##### INPUT RECORDS
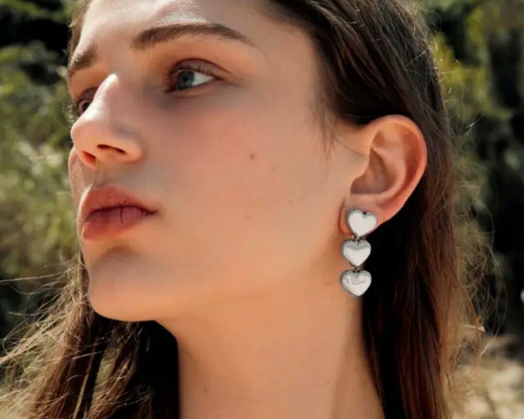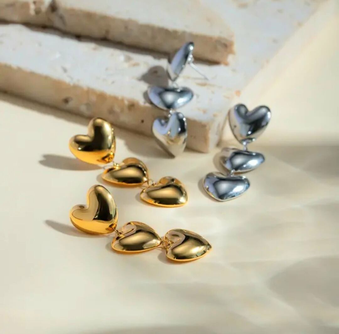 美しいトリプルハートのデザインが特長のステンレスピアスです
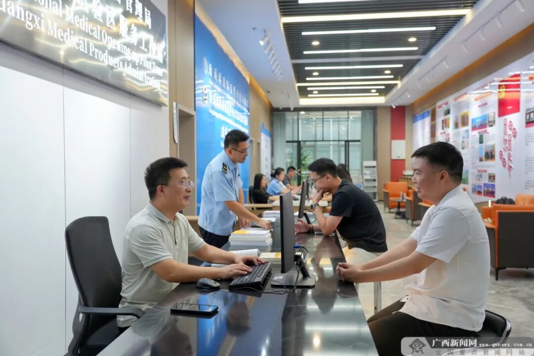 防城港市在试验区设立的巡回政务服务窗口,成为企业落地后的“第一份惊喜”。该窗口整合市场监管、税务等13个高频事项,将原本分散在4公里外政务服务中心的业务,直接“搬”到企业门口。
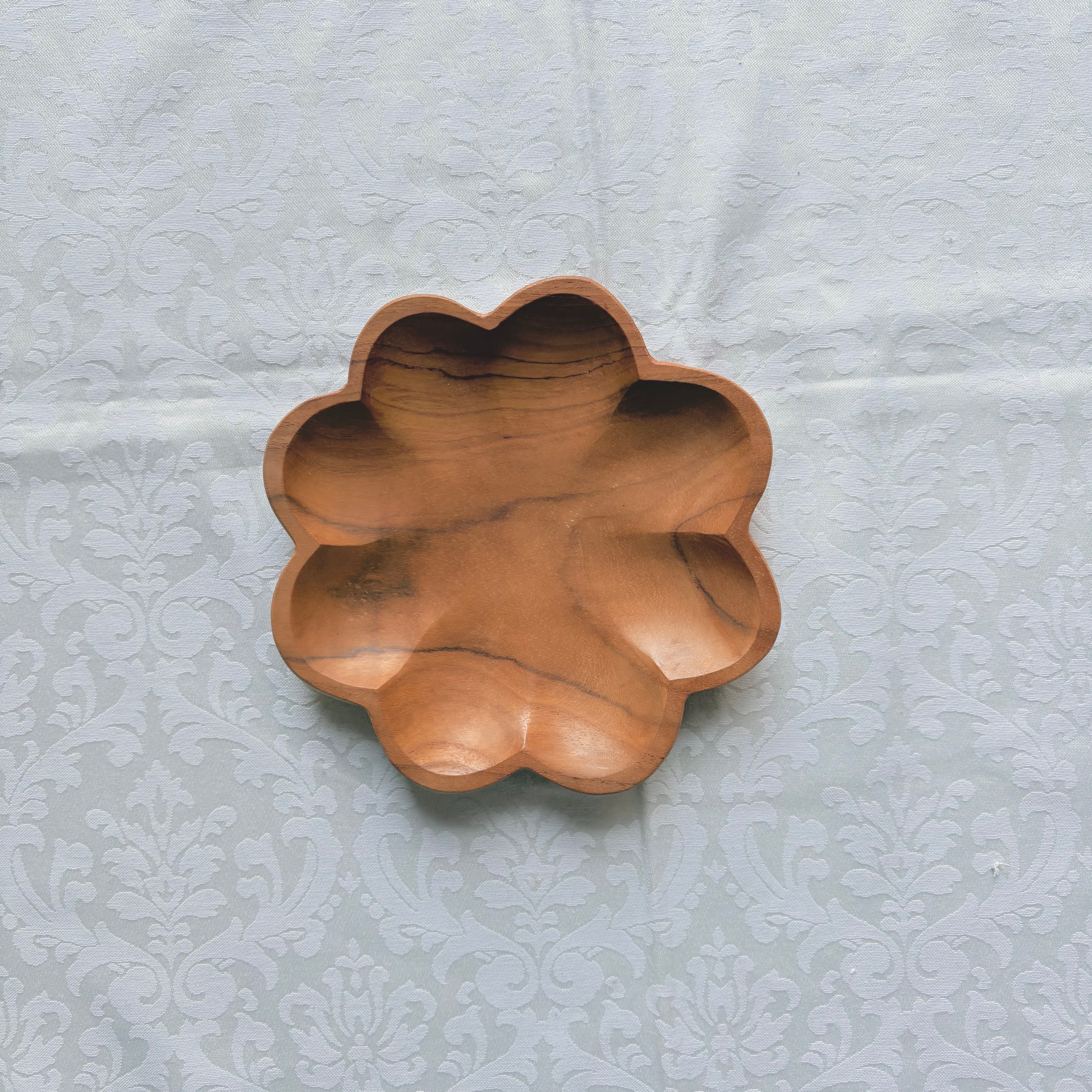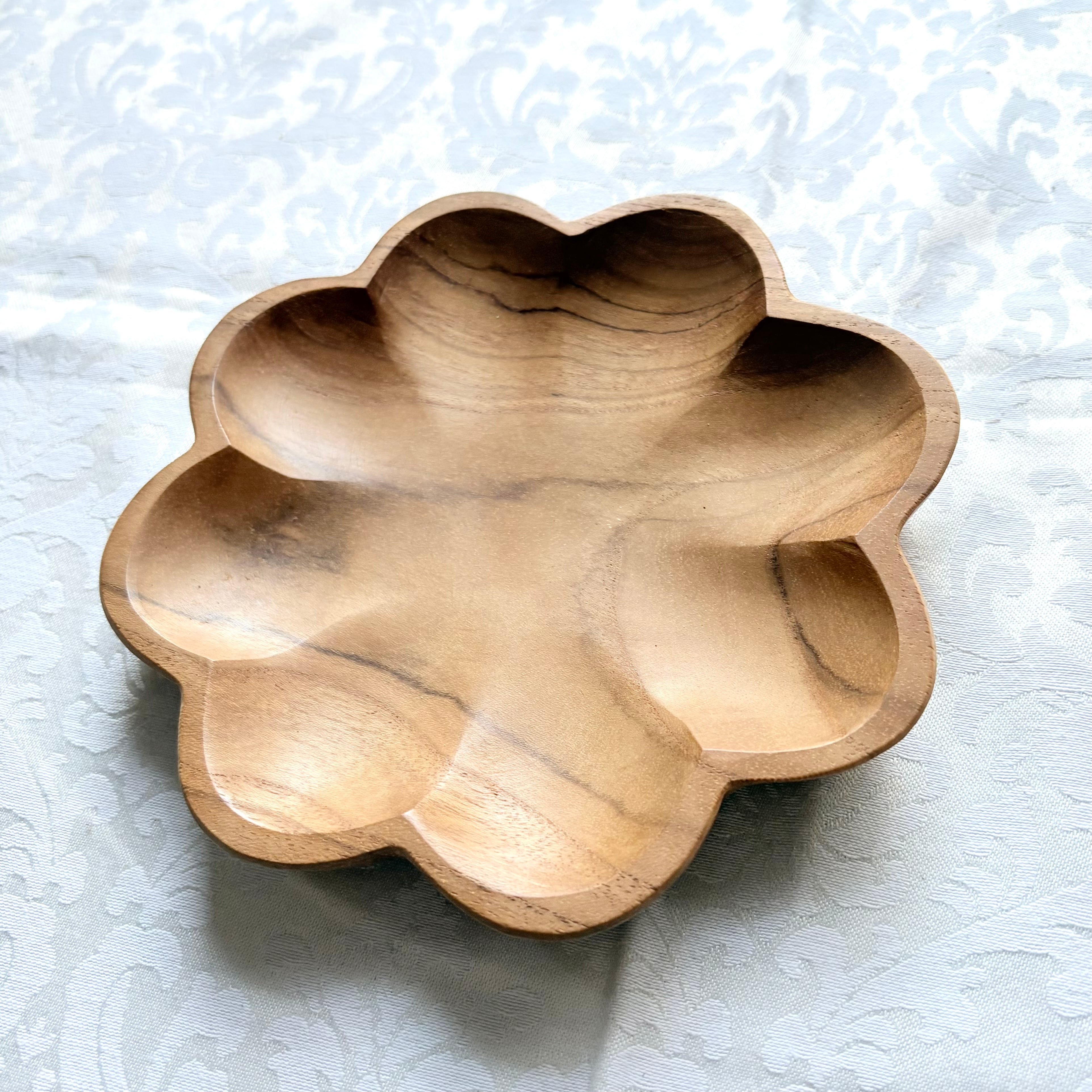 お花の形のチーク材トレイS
##########
##### INPUT RECORDS
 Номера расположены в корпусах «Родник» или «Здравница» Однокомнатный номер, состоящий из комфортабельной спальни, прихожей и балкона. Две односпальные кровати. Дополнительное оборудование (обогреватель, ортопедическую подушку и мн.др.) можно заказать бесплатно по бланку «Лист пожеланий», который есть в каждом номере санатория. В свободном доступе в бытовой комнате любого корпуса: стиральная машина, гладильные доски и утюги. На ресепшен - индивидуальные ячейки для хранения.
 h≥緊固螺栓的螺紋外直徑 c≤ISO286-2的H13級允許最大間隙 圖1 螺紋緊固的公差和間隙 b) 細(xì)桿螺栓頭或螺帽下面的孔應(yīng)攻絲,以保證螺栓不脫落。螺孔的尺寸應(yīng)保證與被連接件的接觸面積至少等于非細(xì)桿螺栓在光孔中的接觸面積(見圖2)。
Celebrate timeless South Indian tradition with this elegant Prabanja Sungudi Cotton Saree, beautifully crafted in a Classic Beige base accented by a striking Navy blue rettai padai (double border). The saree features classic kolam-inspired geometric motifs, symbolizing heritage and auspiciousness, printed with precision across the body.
##########
##### INPUT RECORDS
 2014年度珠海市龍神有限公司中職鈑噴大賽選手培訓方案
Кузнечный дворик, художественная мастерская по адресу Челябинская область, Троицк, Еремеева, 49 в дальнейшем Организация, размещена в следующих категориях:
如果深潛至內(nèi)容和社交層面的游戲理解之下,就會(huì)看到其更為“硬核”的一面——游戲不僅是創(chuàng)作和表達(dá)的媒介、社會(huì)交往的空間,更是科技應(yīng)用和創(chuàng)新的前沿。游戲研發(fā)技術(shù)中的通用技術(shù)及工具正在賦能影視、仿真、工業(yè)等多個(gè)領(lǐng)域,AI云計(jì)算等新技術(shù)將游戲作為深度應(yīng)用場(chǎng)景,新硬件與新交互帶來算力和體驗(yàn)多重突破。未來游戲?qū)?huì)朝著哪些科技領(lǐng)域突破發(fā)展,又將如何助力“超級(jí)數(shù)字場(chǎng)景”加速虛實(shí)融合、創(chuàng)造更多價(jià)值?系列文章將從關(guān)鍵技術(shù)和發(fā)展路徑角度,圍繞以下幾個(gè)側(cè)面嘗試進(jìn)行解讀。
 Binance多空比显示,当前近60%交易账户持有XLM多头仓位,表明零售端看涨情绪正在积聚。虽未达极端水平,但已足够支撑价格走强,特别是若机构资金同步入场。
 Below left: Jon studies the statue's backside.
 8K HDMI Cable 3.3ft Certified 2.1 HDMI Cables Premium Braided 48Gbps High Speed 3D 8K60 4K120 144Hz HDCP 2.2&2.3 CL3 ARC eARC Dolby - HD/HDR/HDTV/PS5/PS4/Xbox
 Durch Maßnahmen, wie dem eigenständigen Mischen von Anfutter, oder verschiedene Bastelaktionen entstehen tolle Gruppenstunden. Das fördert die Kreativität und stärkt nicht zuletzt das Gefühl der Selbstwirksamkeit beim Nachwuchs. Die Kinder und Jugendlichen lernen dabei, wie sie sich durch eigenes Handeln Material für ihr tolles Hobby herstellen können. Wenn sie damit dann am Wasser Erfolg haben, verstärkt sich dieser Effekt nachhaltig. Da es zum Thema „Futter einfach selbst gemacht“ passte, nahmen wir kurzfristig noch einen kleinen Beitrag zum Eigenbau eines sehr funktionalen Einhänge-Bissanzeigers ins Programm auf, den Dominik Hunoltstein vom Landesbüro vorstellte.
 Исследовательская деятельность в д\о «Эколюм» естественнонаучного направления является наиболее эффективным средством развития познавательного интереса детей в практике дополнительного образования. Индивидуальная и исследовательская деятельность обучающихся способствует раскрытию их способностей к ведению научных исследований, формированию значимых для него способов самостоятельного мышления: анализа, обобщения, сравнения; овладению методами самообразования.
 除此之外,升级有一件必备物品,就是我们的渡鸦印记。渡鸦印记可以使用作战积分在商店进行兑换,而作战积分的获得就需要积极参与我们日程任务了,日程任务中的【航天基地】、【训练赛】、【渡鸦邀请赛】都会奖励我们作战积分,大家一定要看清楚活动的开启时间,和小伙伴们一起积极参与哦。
##########
▶ [ABOUT THIS EXERCISE]
Wherever the word "yīng" appears in the entries above, copy that line.

▶ [RESPONSE TO THE EXERCISE]
 h≥緊固螺栓的螺紋外直徑 c≤ISO286-2的H13級允許最大間隙 圖1 螺紋緊固的公差和間隙 b) 細(xì)桿螺栓頭或螺帽下面的孔應(yīng)攻絲,以保證螺栓不脫落。螺孔的尺寸應(yīng)保證與被連接件的接觸面積至少等于非細(xì)桿螺栓在光孔中的接觸面積(見圖2)。
如果深潛至內(nèi)容和社交層面的游戲理解之下,就會(huì)看到其更為“硬核”的一面——游戲不僅是創(chuàng)作和表達(dá)的媒介、社會(huì)交往的空間,更是科技應(yīng)用和創(chuàng)新的前沿。游戲研發(fā)技術(shù)中的通用技術(shù)及工具正在賦能影視、仿真、工業(yè)等多個(gè)領(lǐng)域,AI云計(jì)算等新技術(shù)將游戲作為深度應(yīng)用場(chǎng)景,新硬件與新交互帶來算力和體驗(yàn)多重突破。未來游戲?qū)?huì)朝著哪些科技領(lǐng)域突破發(fā)展,又將如何助力“超級(jí)數(shù)字場(chǎng)景”加速虛實(shí)融合、創(chuàng)造更多價(jià)值?系列文章將從關(guān)鍵技術(shù)和發(fā)展路徑角度,圍繞以下幾個(gè)側(cè)面嘗試進(jìn)行解讀。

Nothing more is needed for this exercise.